# Tree Climbers Needed in Northern NJ



## Illuminator (Nov 27, 2007)

Established outdoor lighting company seeks experienced climbers to install fixtures in trees. We offer excellent pay and benefits, a good safe working environment, and full time, year round work. Training provided.


----------



## Thillmaine (Dec 5, 2007)

*Is that all you do>*

Let me get this straight, your company exclusively installs tree lights year round?> Or you do tree work adn when theholidays come you install the lights>?


----------



## Illuminator (Dec 6, 2007)

*Landscape Lighting*

For over 40 years our company has been designing and installing aesthetic lighting systems for upscale residences and commercial properties such as country clubs. Our crews work year round performing this work.

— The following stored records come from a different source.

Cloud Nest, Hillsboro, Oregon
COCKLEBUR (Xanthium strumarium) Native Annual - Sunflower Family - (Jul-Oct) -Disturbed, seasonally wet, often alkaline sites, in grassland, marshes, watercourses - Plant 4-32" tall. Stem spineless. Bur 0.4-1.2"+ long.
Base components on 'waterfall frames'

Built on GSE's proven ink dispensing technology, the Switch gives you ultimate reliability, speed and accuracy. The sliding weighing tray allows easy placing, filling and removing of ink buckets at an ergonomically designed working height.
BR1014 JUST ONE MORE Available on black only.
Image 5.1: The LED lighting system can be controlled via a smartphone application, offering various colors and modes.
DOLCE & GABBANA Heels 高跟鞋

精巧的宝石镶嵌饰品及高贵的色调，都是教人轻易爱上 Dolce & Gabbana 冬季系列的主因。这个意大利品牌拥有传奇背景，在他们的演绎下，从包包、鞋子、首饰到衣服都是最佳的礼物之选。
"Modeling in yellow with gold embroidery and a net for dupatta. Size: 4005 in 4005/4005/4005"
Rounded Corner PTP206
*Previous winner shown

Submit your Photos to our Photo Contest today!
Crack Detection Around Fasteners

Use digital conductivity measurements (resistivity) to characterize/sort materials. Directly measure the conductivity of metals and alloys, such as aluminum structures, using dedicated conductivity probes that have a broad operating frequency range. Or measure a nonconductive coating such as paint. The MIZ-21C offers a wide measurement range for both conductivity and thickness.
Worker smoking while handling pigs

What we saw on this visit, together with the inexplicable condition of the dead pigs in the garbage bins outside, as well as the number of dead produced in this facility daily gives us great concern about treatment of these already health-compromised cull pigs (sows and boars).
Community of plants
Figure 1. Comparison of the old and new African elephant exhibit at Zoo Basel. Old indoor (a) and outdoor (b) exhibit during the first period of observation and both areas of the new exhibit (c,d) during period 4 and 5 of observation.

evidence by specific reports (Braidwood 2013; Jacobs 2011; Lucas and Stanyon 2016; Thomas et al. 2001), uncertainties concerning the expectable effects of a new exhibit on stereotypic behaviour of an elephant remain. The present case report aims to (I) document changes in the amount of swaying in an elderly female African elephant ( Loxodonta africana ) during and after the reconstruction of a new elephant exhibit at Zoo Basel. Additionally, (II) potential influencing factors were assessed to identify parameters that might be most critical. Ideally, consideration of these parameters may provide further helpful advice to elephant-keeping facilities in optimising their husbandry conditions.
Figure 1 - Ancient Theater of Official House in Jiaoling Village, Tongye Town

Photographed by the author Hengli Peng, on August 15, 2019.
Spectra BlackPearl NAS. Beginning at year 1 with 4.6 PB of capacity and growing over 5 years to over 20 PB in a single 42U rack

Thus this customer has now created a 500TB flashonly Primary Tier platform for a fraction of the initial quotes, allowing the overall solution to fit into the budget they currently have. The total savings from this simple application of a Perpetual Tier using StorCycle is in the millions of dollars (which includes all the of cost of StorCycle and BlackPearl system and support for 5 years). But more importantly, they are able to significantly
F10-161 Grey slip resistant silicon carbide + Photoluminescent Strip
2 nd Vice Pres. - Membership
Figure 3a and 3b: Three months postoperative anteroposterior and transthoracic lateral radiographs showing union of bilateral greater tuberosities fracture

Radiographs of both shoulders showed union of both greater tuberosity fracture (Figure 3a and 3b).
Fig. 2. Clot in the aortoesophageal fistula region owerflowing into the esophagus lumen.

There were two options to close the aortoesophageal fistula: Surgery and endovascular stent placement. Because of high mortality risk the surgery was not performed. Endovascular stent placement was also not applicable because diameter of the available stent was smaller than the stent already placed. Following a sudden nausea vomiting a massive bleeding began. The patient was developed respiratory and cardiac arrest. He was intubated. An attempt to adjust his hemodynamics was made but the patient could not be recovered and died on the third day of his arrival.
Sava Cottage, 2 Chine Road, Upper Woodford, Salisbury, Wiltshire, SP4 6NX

Thanks for your interest.


----------



## sharkfin12us (Dec 10, 2007)

*tree climber looking for work fill in couple months*

Here is what i will climb for 25 an hour,because i have much experience and that is fair price.Also i own bucket truck 65 foot which i would sub out if you needed it thank you terence 973-887-3421


----------



## basnighttrees (Dec 28, 2007)

can you use some part time help until mid march or april?


----------



## Muiller (Dec 28, 2007)

Sounds good
I have been electrician for the last 5 years and am just starting into tree work and am taking the tree climbing tests next month an this sounds like a great way to get into the climbing side of things.
Its just a pitty im in Ireland


----------